Description of the task :: With the pictures excluded, repeat every entry exactly.

Data entries
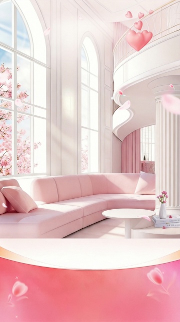 梦幻3D风,虚拟自然场景,甜美浪漫的樱花窗前,花瓣飘落,营造温馨氛围。
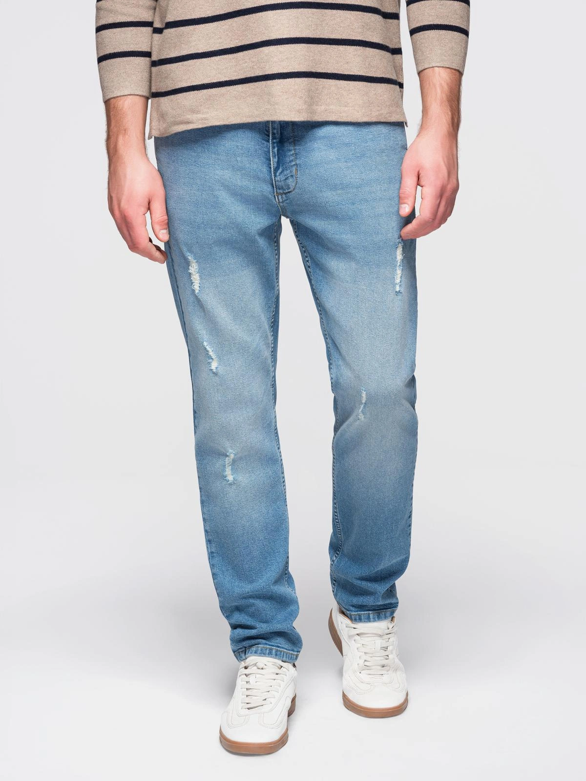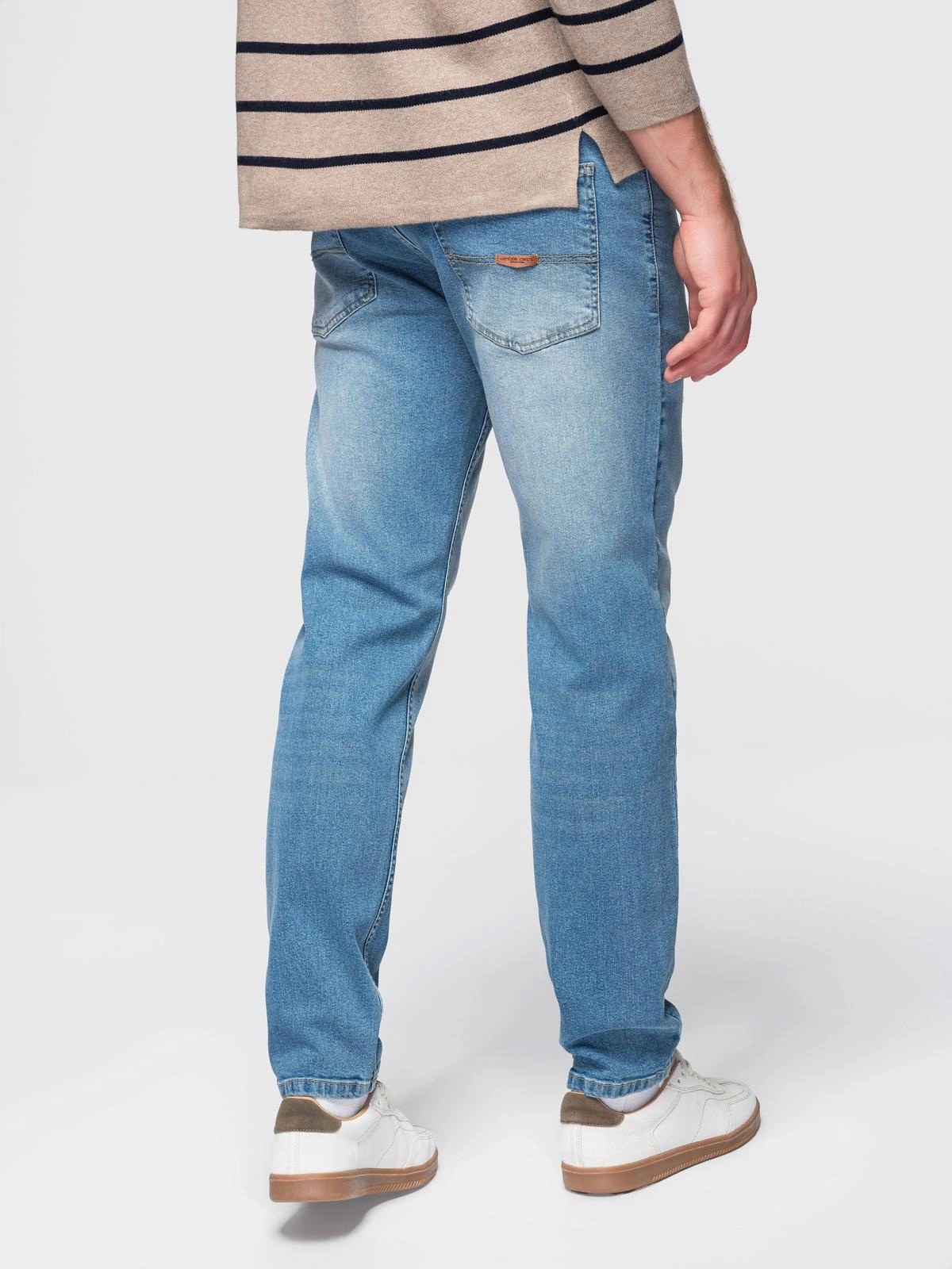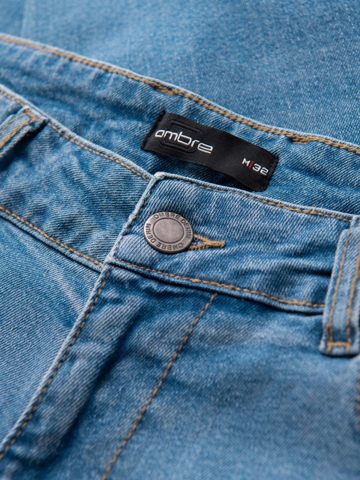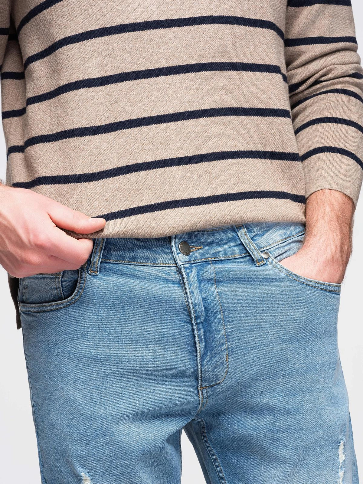 Men's slim fit jeans from the Ombre Denim line, made of denim fabric. Elastic admixture promotes freedom of movement and shape retention after washing. The finishing touches include a washed effect, rubbing and localized rubbing. The model has two front and two back patch pockets, cotton pocket bags improve comfort. The whole is completed with metal accessories and a discreet imitation leather patch.
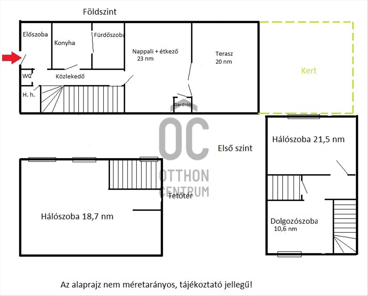 - földszint, teljes értékű emelet + beépített tetőtér
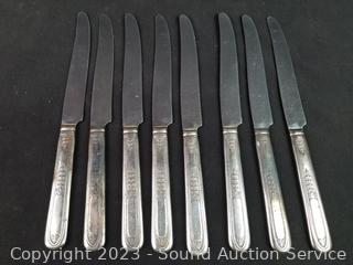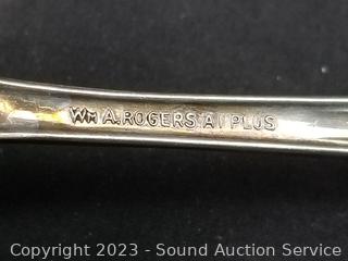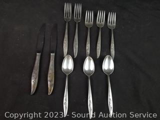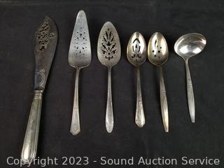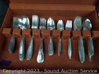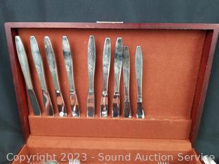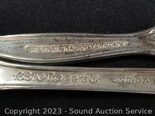 10pc Heirloom sterling, TW: 306g, 10.7oz (not including knives). Chest has several different brands of silverplate flatware, Simon & George Rogers, Oneida possibly others. Refer to photos for lot contents.
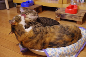 エアコンは2匹とも好きではなく、つけるとすぐ別の部屋に行ってしまいます。
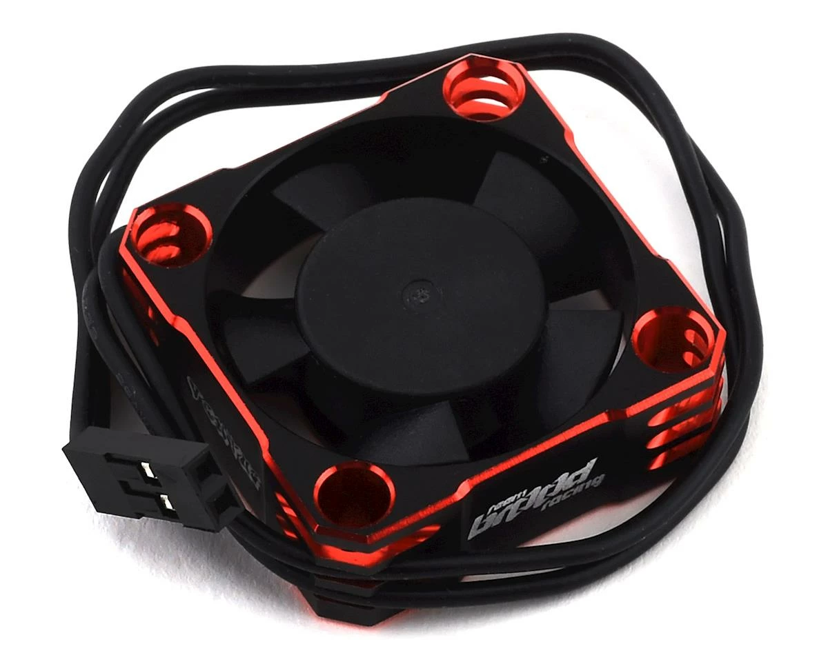 The fan is compatible with 2S HV LiPo systems (8.75V max), has dual ball bearings, and is pre-wired with a 2 pin connector that can be plugged directly into the receiver or another source of power. This fan can be mounted with double side tape, but the optional Brood Machined Aluminum Fan Mount is recommended (not included – BRO-TBR-CNCFANCMOUNT). With all these features combined, this fan is an excellent choice for ESC and motor applications ranging from 1/12 to 1/8 scale.

Worked solution ::
 梦幻3D风,虚拟自然场景,甜美浪漫的樱花窗前,花瓣飘落,营造温馨氛围。
 Men's slim fit jeans from the Ombre Denim line, made of denim fabric. Elastic admixture promotes freedom of movement and shape retention after washing. The finishing touches include a washed effect, rubbing and localized rubbing. The model has two front and two back patch pockets, cotton pocket bags improve comfort. The whole is completed with metal accessories and a discreet imitation leather patch.
 - földszint, teljes értékű emelet + beépített tetőtér
 10pc Heirloom sterling, TW: 306g, 10.7oz (not including knives). Chest has several different brands of silverplate flatware, Simon & George Rogers, Oneida possibly others. Refer to photos for lot contents.
 エアコンは2匹とも好きではなく、つけるとすぐ別の部屋に行ってしまいます。
 The fan is compatible with 2S HV LiPo systems (8.75V max), has dual ball bearings, and is pre-wired with a 2 pin connector that can be plugged directly into the receiver or another source of power. This fan can be mounted with double side tape, but the optional Brood Machined Aluminum Fan Mount is recommended (not included – BRO-TBR-CNCFANCMOUNT). With all these features combined, this fan is an excellent choice for ESC and motor applications ranging from 1/12 to 1/8 scale.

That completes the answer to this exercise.